Reproduce word for word the lines between those holding "看臺(tái)上雙方球迷打出" and "Cat-1 bis 时刻以及在韩国和东南亚的普及率升迁。", inclusive, and nothing else from the data below.

* **The data**:
= = = =

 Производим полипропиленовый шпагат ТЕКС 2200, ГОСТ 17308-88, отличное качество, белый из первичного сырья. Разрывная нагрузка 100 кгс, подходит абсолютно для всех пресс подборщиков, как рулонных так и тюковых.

= = = =

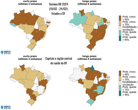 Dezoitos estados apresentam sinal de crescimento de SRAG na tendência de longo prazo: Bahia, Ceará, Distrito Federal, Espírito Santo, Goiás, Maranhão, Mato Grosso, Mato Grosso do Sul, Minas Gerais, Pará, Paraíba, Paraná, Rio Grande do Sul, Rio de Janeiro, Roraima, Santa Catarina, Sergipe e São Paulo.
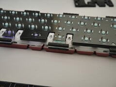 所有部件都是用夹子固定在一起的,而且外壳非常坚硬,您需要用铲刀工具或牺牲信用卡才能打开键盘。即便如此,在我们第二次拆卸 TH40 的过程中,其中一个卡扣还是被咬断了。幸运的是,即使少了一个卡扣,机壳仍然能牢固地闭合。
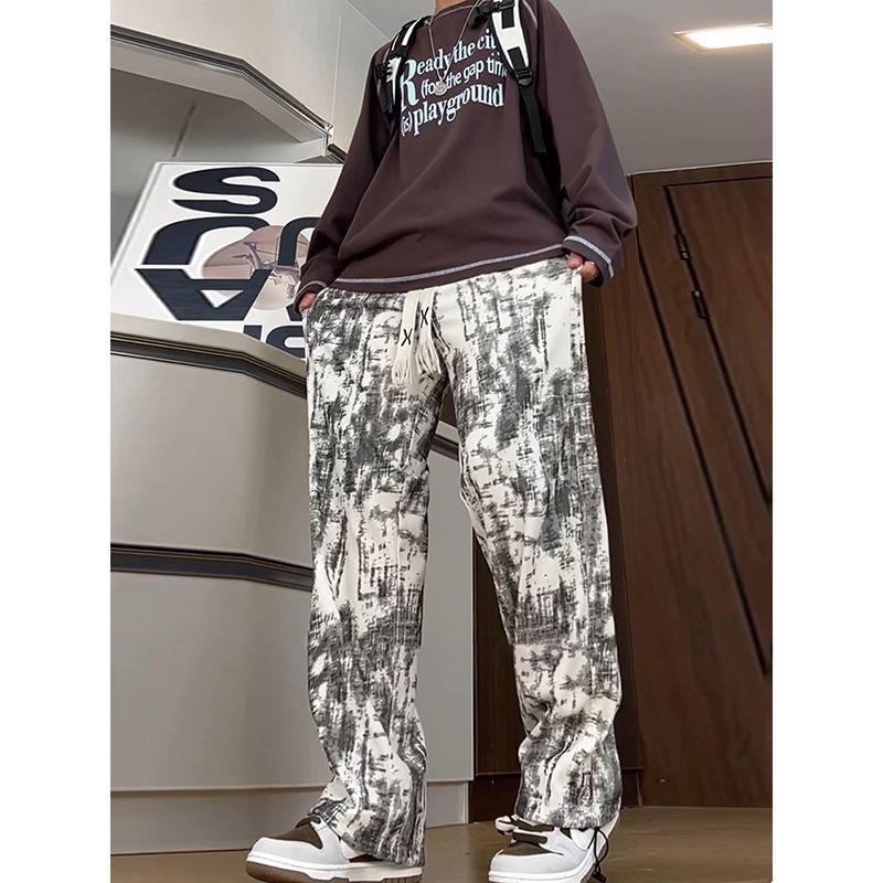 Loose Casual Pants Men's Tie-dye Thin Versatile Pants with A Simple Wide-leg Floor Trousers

= = = =

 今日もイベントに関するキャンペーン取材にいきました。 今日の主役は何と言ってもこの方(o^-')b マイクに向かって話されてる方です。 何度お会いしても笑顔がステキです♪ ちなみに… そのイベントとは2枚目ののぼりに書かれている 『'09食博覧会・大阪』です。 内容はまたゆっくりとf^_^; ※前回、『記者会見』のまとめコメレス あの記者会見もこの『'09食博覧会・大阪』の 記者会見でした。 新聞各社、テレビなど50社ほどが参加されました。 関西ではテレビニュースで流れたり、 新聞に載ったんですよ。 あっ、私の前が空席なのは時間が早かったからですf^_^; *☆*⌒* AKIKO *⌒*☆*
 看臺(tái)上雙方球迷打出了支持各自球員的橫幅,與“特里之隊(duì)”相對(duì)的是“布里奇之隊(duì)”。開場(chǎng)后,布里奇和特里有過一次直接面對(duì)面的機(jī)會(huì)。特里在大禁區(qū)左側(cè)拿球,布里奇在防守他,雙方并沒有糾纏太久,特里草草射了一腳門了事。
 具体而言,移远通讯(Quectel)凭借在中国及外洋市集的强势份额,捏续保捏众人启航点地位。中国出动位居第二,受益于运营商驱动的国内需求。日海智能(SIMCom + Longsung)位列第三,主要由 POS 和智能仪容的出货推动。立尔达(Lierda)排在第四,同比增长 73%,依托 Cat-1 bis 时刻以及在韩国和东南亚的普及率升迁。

= = = =

* **Result for this exercise**:
 看臺(tái)上雙方球迷打出了支持各自球員的橫幅,與“特里之隊(duì)”相對(duì)的是“布里奇之隊(duì)”。開場(chǎng)后,布里奇和特里有過一次直接面對(duì)面的機(jī)會(huì)。特里在大禁區(qū)左側(cè)拿球,布里奇在防守他,雙方并沒有糾纏太久,特里草草射了一腳門了事。
 具体而言,移远通讯(Quectel)凭借在中国及外洋市集的强势份额,捏续保捏众人启航点地位。中国出动位居第二,受益于运营商驱动的国内需求。日海智能(SIMCom + Longsung)位列第三,主要由 POS 和智能仪容的出货推动。立尔达(Lierda)排在第四,同比增长 73%,依托 Cat-1 bis 时刻以及在韩国和东南亚的普及率升迁。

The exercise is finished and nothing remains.